Wednesday, May 27, 2020

Understanding, diagnosing and responding to situations :)






Are you lost to the motives of somebody? Instead, perhaps you are dealing with toxic people. And here is how they can be deflected. Each has its own angels and demonic side. Each has the ability to lie and deceive. The difference, though, is based on their honesty level. It's very hard to grasp today who is a friend and who is a foe.

If you think about it, would you be more okay being lied and manipulated to, or being told something harsher but true? I’m pretty sure most of us would rather drink the bitter pill of truth, than eating the sweet candy of lies that actually is a poison. You are especially prone to this when you are vulnerable and want to be accepted, but have good things to bring to the table like status, intelligence, and connections.

I’m in a stage that I give much fewer fucks to these kinds of people then I used to. This attitude is in line with the promise I made with myself to say “no” more. I simply have no time and patience to be involved in these unproductive dramas.

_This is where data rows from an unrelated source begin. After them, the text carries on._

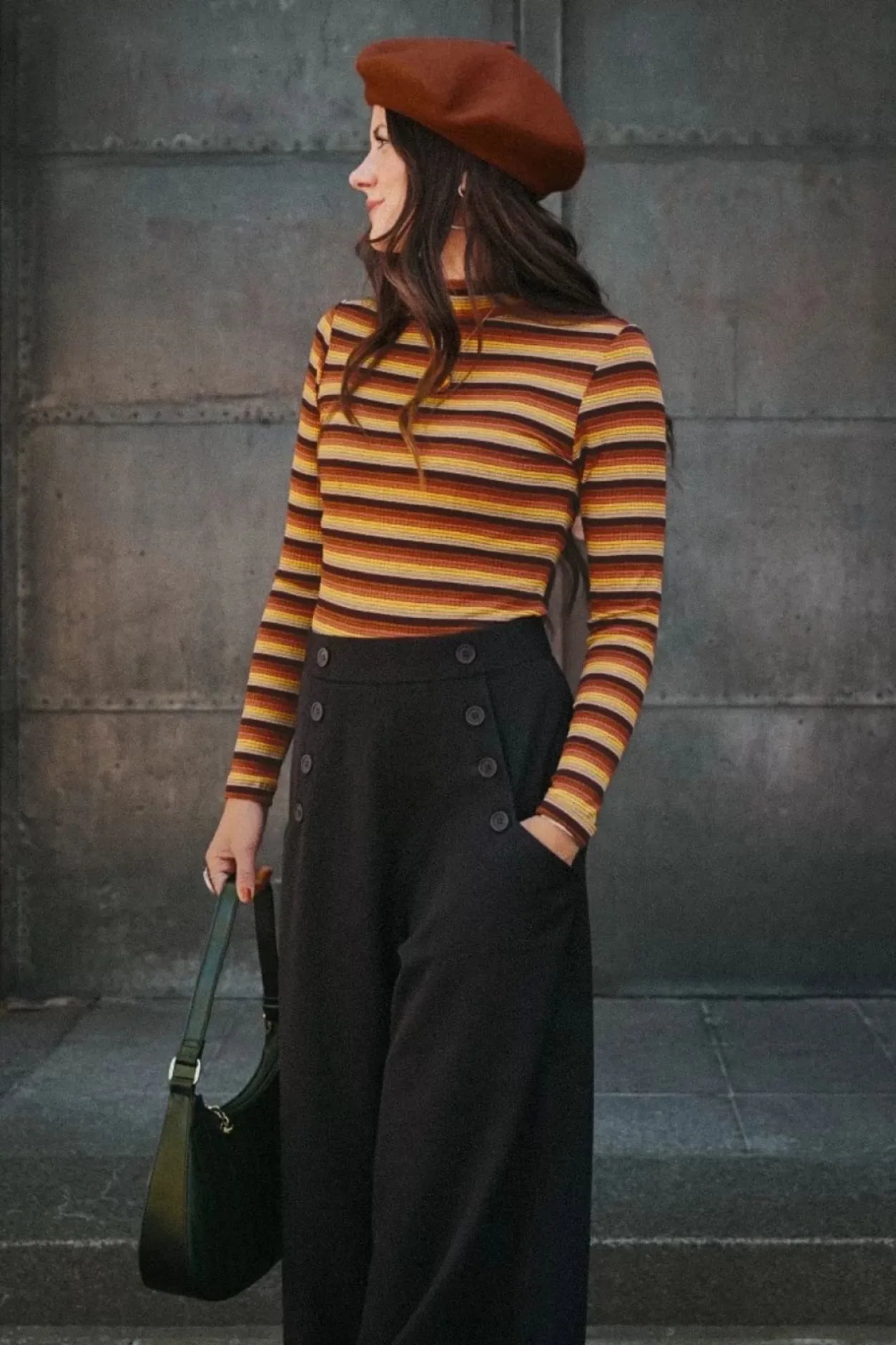 “Looking For A Statement Trouser To Add To Your Everyday Wardrobe?” Dan Is Deze 40S Carlie Swing Trousers In Zwart Echt Iets Voor Jou! Ze Brengt Met Haar Vrouwelijke Hoge Taille, Charmante Sierknopen En Elegante Wijde Pijpen Fourties ‘swing’ In Je Garderobe ;-). Ze Is Uitgevoerd In Een Soepelvallende, Zwarte Stof Met Een Lichte Stretch Die Verrassend Comfy Draagt. Klaar Om Een Statement Te Maken?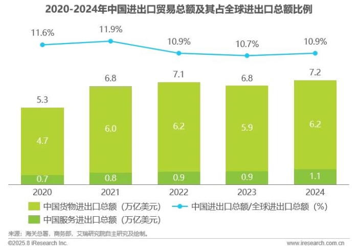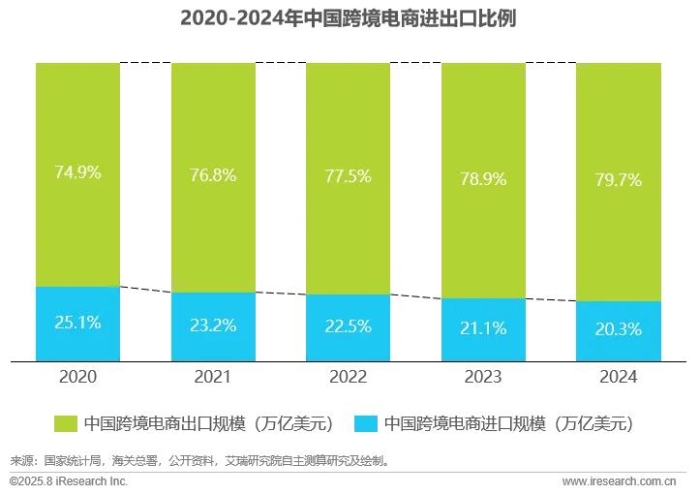 2020年至2024年,中国跨境电商保持稳中有进,年均复合增长率约为15%,全球份额维持在50%以上,凸显其在全球电商供应体系中的关键地位。从进出口结构来看,出口端以17%的年均复合增长率持续主导增长格局,成为稳外贸、促结构优化的重要力量。相比之下,进口端增速相对平稳,年均复合增长率约10%,聚焦功能性、健康消费与新兴品牌的引入。2025年以来,中美贸易摩擦仍对行业构成挑战,美国取消低货值小包免税优惠并对部分商品加征关税,但双边贸易对话和部分关税的阶段性回调,为跨境电商企业提供了调整空间。面对复杂外部环境,中国跨境电商正加速推进供应链数字化、海外本地化运营及品牌建设,提升全球价值链中的控制力和竞争力,推动行业从规模扩张向高质量发展转型。
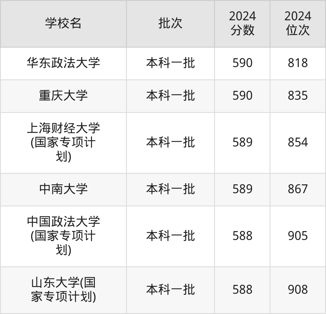 这些都是2025年高考文科436名~460名考生可以报考的大学,更多学校名单如下表所示: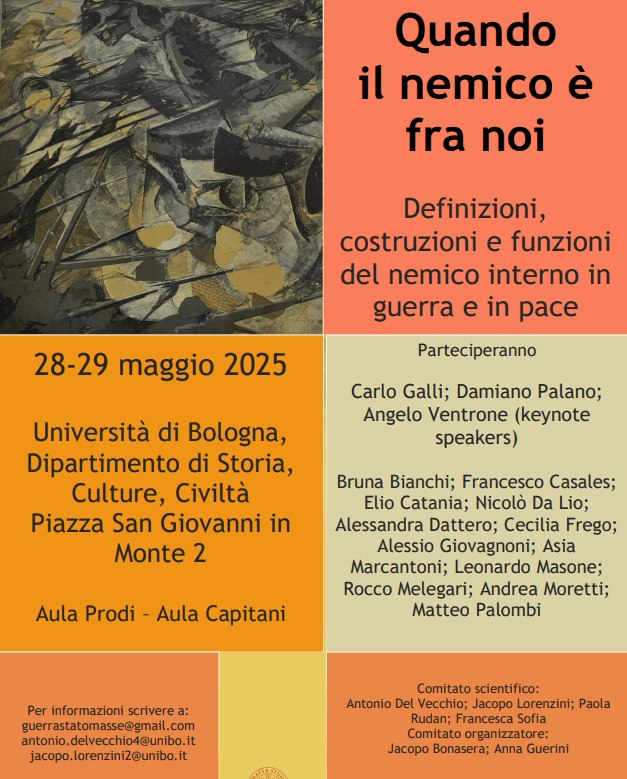 Figura da sempre sfaccettata e problematica, il nemico interno ha assunto funzioni e attributi peculiari nel corso dell’epoca moderna a partire dalle guerre civili di religione, dalle esperienze rivoluzionarie e dalle guerre d’indipendenza, fino al Novecento delle guerre mondiali, dei totalitarismi, della guerra fredda e del costante riemergere negli ultimi decenni di guerre civili e conflitti asimmetrici.

What I’m about to share is the tactic that I have used to identify, protect against, and counterattack these venomous people. When you encounter someone highly manipulative, befriend one, or being influenced by one, it could be hard to understand what you are going through. They shower you with support and attention which you are flattered with. Often he/she appears very sweet and says nice things about you. They might even give out confidential information to you or use their power to help you out, to make you think that they are on your side. Then you thought, oh, he/she is quite nice actually. You start getting close and befriend each other. However, gradually, they give you a dose of cynicism and disrespect, leaving you confused. Then, something happens, which makes you question their intentions, such as these:
  • Tells another person a little the secret about you 
  • Complains about you behind your back, about something insignificant
  • Don’t mention your involvement at all when you give out ideas that turn into a success. 
  • Make you feel small; dig into your insecurities
  • Treat your accomplishments as a joke
  • Make you feel that you’re not good enough

These first signs are very critical. These manipulators are banking and thriving on the fact that you stay ignorant. Therefore, it is important for them to keep their “sheep clothing” and let you just see their sheep version.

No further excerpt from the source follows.